Julie Andrews is one of the most famous stars to grace the screens over the years, but the star has admitted the fame was difficult to deal with in the beginning and she had to turn to therapy for help.
While a successful start to a career is the dream for many aspiring actors, the 84-year-old claimed it was a struggle and at times she even questioned whether she was worthy of all the praise. Appearing on American talk show, The Graham Norton Show, Andrews said she hid her Oscar away from sight for fear she was undeserving, The Daily Mail reports.
Although she is still to this day congratulated for her role role of Mary Poppins, the star explained at the time of receiving the 1965 Best Actress award, it didn’t quite sit right.
“I kept the Oscar in the attic for a very long time because I thought I’d been given it as a welcome to Hollywood and I didn’t feel worthy of it,” she said on the program, according to The Daily Mail. “So much early success sent me into therapy and analysis.”
Continuing on she added: “I learnt you have to do it right and honour the films you are making. It’s a huge gift, but a lot of obligation.”
Andrews appeared on the show to promote her new book, ‘In Home Work: A Memoir of My Hollywood Years’ which follows her journey throughout fame, including the highlights and the downfalls. Speaking in depth about the events that carried out, the talented actress mentions everything from her countless films, her emotions and being a parent.
“In ‘Home Work’ I am telling the story of my adult life,” she explained to the Chicago Tribune. “I wanted to write about how things came at me, about paying my dues, about learning my craft, learning who I was, learning to parent, all the homework that I did.”

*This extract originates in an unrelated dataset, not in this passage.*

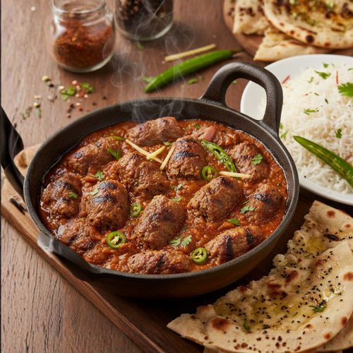 Flavor-packed mutton seekh kebabs simmered in a thick, spicy masala. A bold and satisfying choice
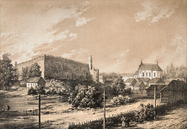 Гродненский замок возник во второй половине или конце XI века как пограничная крепость и стал ядром будущего Гродно[22]. На рубеже XIV—XV веков великий князь литовский Витовт на месте крепости выстроил из камня и кирпича (кирпичом выравнивались ряды валунов и облицовывались башни) готический пятибашенный замок со стенами толщиной более 3 метров. Около 1500 года замок перестроен. В чисто же романской архитектуре преобладала одна функция ― оборонительная, и для замковой архитектуры Великого княжества Литовского, вплоть до XV века, до развития артиллерийской техники, характерны признаки, свойственные романскому зодчеству: с развитием техники арбалетной, а позже пушечной, увеличивается высота башен и стен, усложняется композиция замковых комплексов. Верхняя церковь имела базиликальный тип, массивность и статичность форм, каменные своды. Во внешнем оформлении — барельеф, аркатура, перспективный портал. При её строительстве применялась не готическая, а вендская кладка[23].

While Mary Poppins remains a favourite childhood movie for many around the world, earlier this year it copped some criticism from an American academic, who accused the lead character in the 1964 classic of “blacking up” in one scene.
Writing exclusively for The New York Times, Daniel Pollack-Pelzner – a gender studies professor at Linfield College in the US – claimed the iconic chimney sweep scene where Andrews and Van Dyke sing ‘Step in Time’ could be seen as ‘racist’ because their faces are covered in black soot. Rather than wiping the soot off her face, Mary Poppins rubs it in, making her face dirtier. Pollack-Pelzner pointed out that the scene may seem comical – if it weren’t for P. L. Travers’ novels on which the film was based.
He pointed out that in the 1943 book Mary Poppins Opens the Door, a housemaid calls a man a “black heathen” when he reaches out his hand and later calls him a “Hottentot” – an archaic slur for black South Africans. For Pollack-Pelzner, the film is problematic because character Admiral Boom calls chimney sweeps in the film Hottentots.
“We’re in on the joke, such as it is: These aren’t really black Africans; they’re grinning white dancers in blackface,” he wrote. “It’s a parody of black menace; it’s even posted on a white nationalist website as evidence of the film’s racial hierarchy.”
Pollack-Pelzner pointed out Hottentot was also used in 1952’s Mary Poppins in the Park novel, with Mary herself reportedly telling a young child that he’s behaving like a Hottentot.
“The 1964 film replays this racial panic in a farcical key,” Pollack-Pelzner wrote. “When the dark figures of the chimney sweeps step in time on a roof, a naval buffoon, Admiral Boom, shouts, ‘We’re being attacked by Hottentots!’ and orders his cannon to be fired at the ‘cheeky devils’.”